Zo was de situatie al 6 maanden. Hoewel er een wapenstilstand was getekend, liepen de spanningen hoog op. De Hutu’s gevestigd in de bergen begonnen de omliggende dorpen lastig te vallen; ze verkrachtten vrouwen, stalen eten etc. Het was een kwestie van tijd voordat de spreekwoordelijke bom opnieuw ging barsten. Daarom ging ik meteen na mijn aankomst de gesprekken aan met de rebellenleiders en leger generaals, waaronder toenmalige president Domitien Ndayizeye en de huidige president Pierre Nkurunziza.
Het probleem werd me al snel duidelijk. Beide partijen weigerden hun wapens in te leveren, ze waren bang voor represailles van de ander. Ze vertrouwden elkaar niet; de wapens waren volgens beide partijen de enige manier waardoor ze hun bestaan konden verzekeren.”
Aanvankelijk wist ook kolonel Beukering niet goed wat hij met de situatie moest. Maar teruggaan naar minister van Ardenne zónder een plan was absoluut geen optie voor Toine.
Aanvankelijk werd ik door iedereen voor gek verklaard; gewapende integratie? Dat kan simpelweg nooit werken.
“Ik moest en zou met een plan bij de minister aankomen en na lang beraad kwam ik op een idee; gewapende integratie. Iets dat nog nooit eerder in de geschiedenis was gedaan. Aanvankelijk werd ik door iedereen voor gek verklaard; gewapende integratie? Dat kan simpelweg nooit werken. Er was één iemand die het niet meteen weg wimpelde, dat was minister van Ardenne. Zij vroeg aan mij: “Kolonel, denk je dat dit gaat werken?”. Ik antwoordde hierop “Ja. Daar moet je Afrika voor kennen.” Natuurlijk wist ik het ook niet 100% zeker, maar ik had goede hoop. Iets is beter dan niets.”
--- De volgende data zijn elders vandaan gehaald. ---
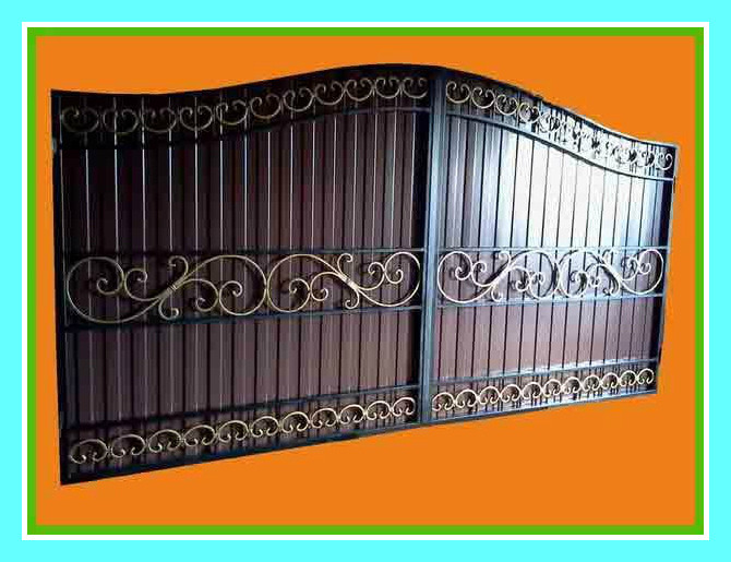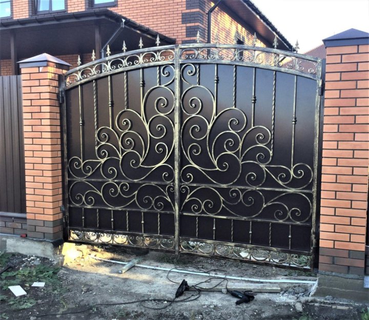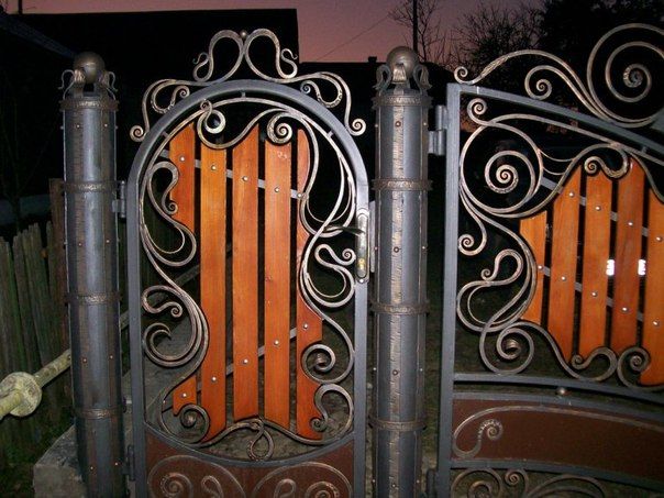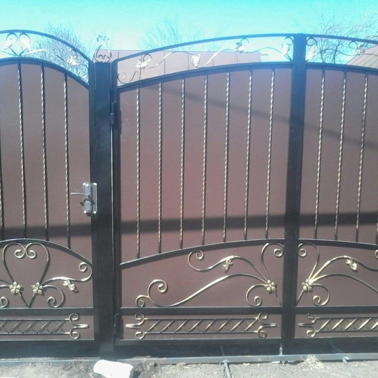 с калиткой, откатные и распашные, с профнастилом, с виноградной лозой и другими элементами, художественная горячая и холодная ковка

Het plan van kolonel Beukering was als volgt: Er werd een kamp opgezet, waarin een groep van 1000 rebellen en 1000 militairen samen een zesweeks programma doorliepen. Beide partijen mochten hun wapens meenemen. De kolonel zorgde ervoor dat het kamp van alle gemakken was voorzien. Ze konden drie keer per dag eten, elke dag een stuk vlees, douchen én iedereen kreeg bij binnenkomst dezelfde kleren; een sporttenue met een petje met daarop de naam van het kamp: Espoir.
“In 2004 werd kamp ‘Espoir’, ofwel ‘Hoop’ geopend door de ministers van Ardenne en Kamp. Naast hoop had ‘Espoir’ nog een tweede betekenis, namelijk (Equipe Spéciale Pour les Opérations Internationales dans la Reforme du secteur de la sécurité ). Voor ons was het natuurlijk ook even spannend, beide partijen met wapens op zak. Deze varieerden van AK-47s tot aan granaten met een plakbandje er om heen. Het mooie is dat er in de hele periode dat het kamp heeft bestaan geen enkel gewapend incident is geweest, niet één.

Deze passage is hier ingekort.